* EXERCISE DIRECTIONS *
The output should match, line for line, the records from the line containing "北京正博和源科技有限公司,成" through the line containing "(总)眠博士 2026新款全棉纯棉水洗色织提花股线四件套,套件-未来 蓝,套件-未来", with every picture left out.

* GIVEN RECORDS *
+===+

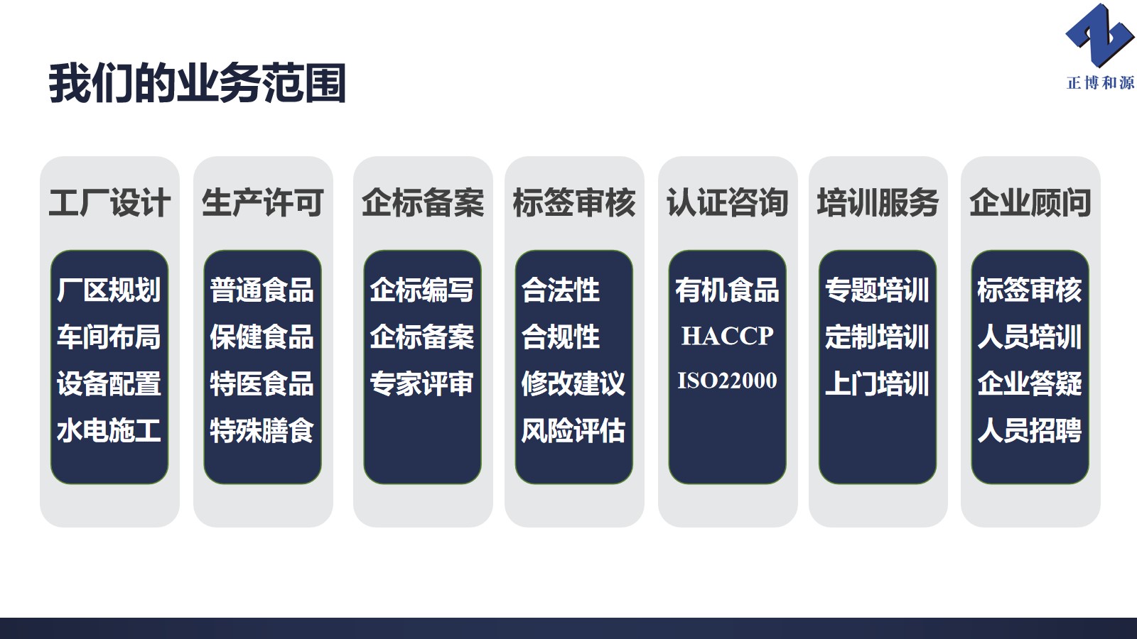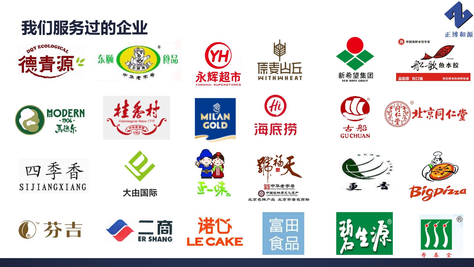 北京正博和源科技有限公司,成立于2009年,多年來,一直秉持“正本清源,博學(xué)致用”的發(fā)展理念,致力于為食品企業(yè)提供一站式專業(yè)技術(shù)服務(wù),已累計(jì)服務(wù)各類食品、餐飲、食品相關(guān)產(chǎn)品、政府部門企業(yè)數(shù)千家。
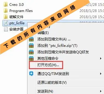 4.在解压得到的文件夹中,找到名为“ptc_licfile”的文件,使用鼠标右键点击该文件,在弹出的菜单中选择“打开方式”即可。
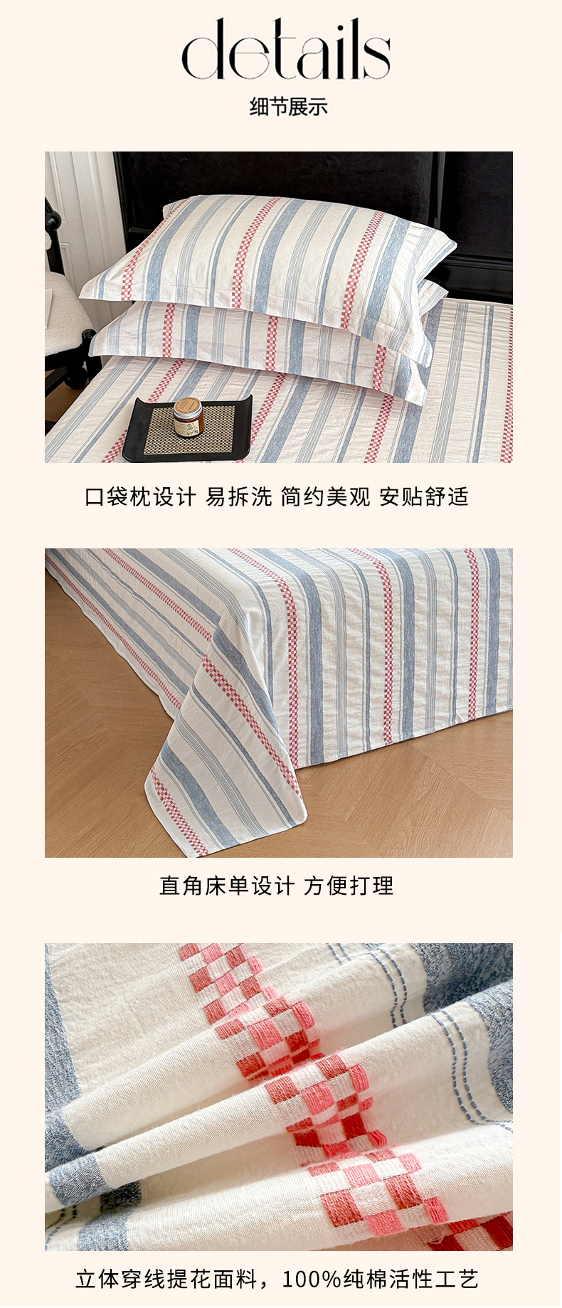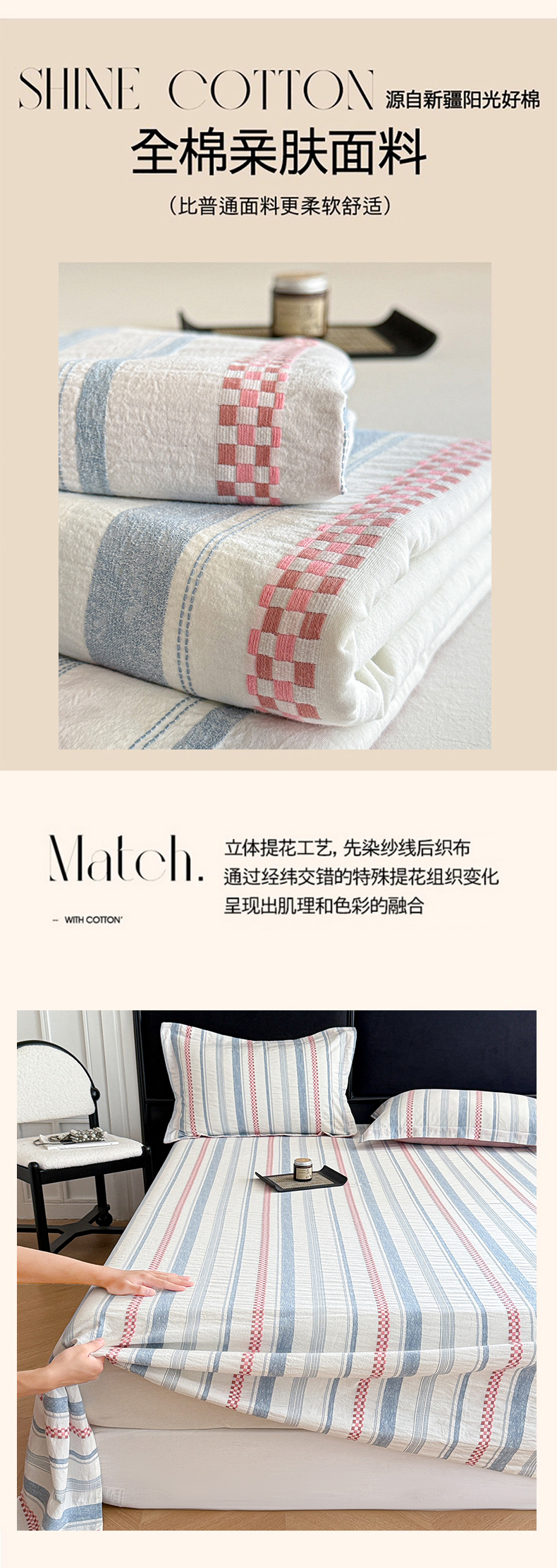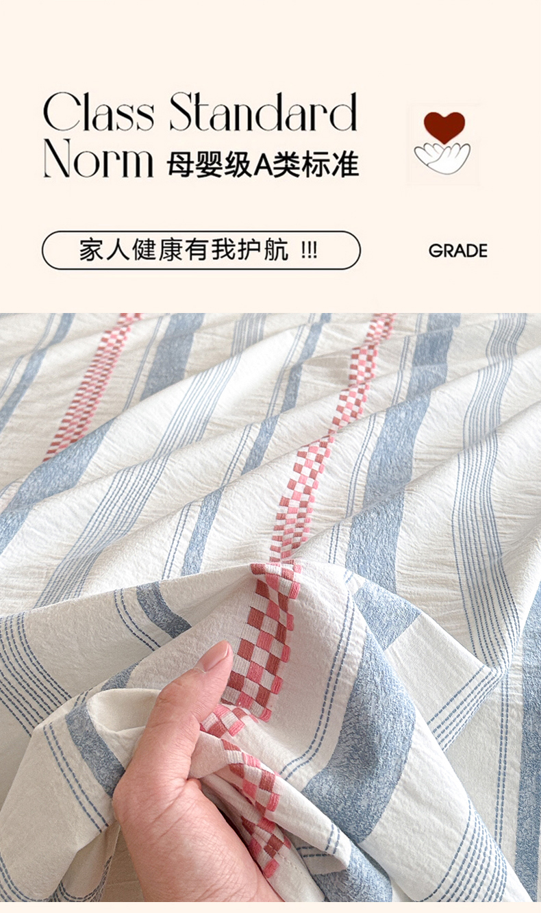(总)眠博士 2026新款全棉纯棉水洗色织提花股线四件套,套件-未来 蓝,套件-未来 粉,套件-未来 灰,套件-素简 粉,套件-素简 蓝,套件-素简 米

+===+

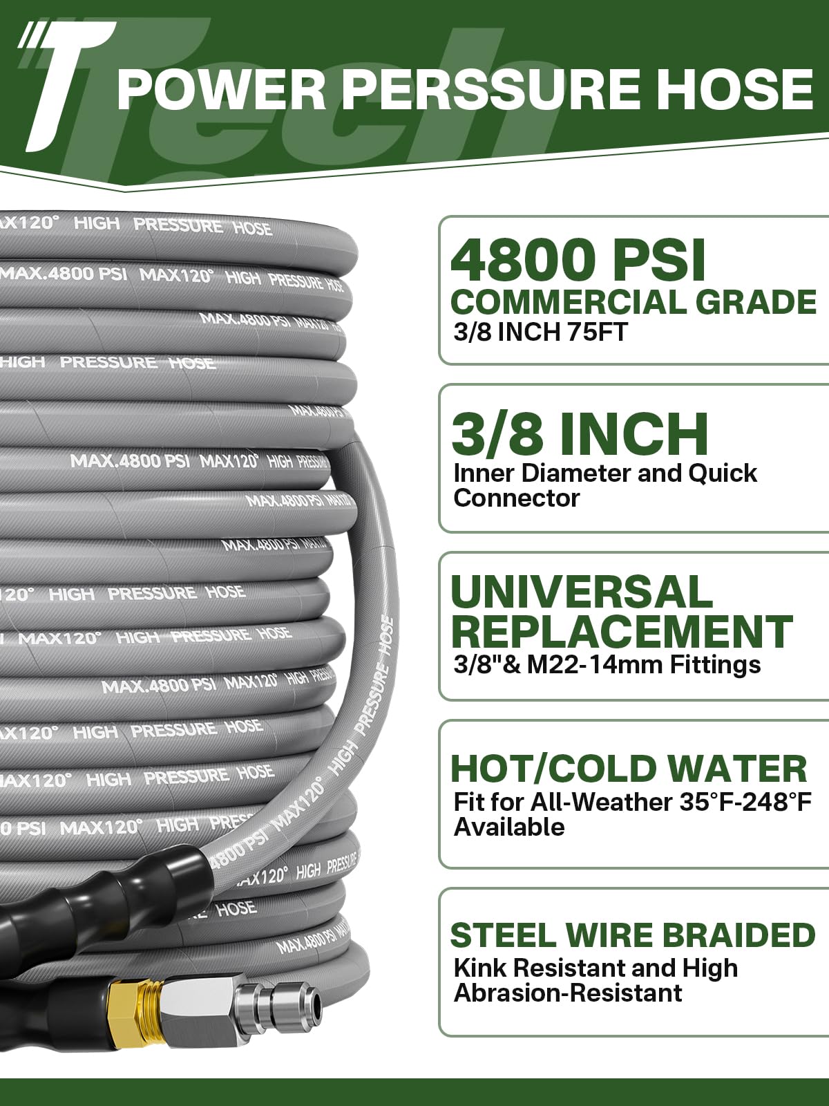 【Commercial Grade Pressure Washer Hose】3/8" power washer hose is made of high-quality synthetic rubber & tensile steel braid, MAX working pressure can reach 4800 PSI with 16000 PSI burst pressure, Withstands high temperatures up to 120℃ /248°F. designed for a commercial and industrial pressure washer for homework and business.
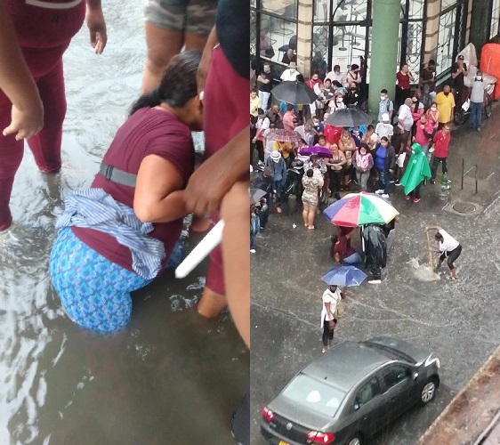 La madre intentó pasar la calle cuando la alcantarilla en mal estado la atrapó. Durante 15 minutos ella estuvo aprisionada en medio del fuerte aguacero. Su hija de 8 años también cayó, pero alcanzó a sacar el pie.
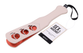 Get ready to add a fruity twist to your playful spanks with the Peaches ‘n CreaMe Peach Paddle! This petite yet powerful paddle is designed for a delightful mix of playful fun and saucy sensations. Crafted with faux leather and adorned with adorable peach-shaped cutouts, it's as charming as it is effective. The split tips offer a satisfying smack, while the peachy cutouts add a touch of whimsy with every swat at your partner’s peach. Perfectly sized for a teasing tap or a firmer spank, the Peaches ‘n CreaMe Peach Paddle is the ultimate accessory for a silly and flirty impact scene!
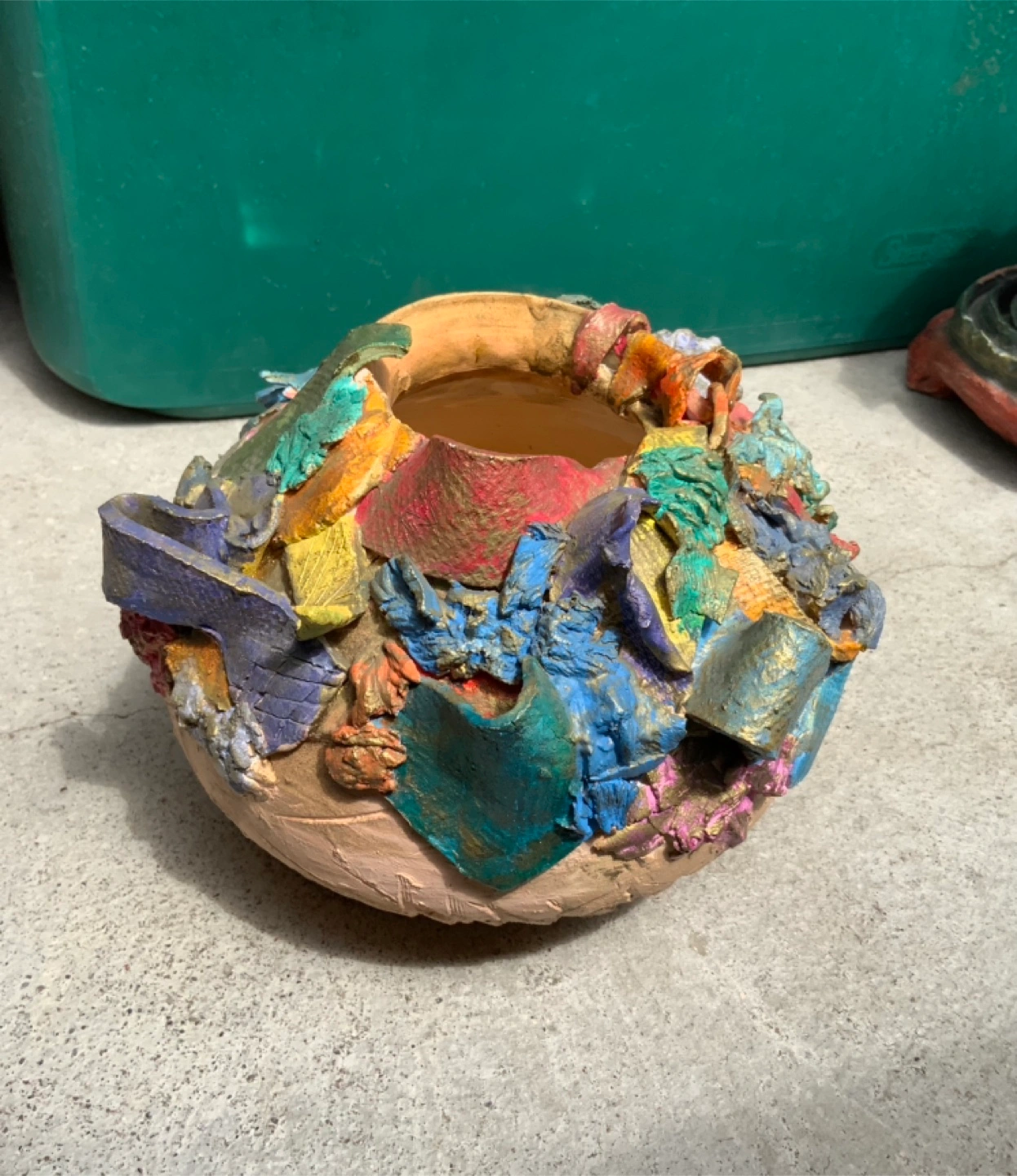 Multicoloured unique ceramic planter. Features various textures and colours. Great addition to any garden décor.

+===+

* SOLUTION TO THIS PROBLEM *
 北京正博和源科技有限公司,成立于2009年,多年來,一直秉持“正本清源,博學(xué)致用”的發(fā)展理念,致力于為食品企業(yè)提供一站式專業(yè)技術(shù)服務(wù),已累計(jì)服務(wù)各類食品、餐飲、食品相關(guān)產(chǎn)品、政府部門企業(yè)數(shù)千家。
 4.在解压得到的文件夹中,找到名为“ptc_licfile”的文件,使用鼠标右键点击该文件,在弹出的菜单中选择“打开方式”即可。
(总)眠博士 2026新款全棉纯棉水洗色织提花股线四件套,套件-未来 蓝,套件-未来 粉,套件-未来 灰,套件-素简 粉,套件-素简 蓝,套件-素简 米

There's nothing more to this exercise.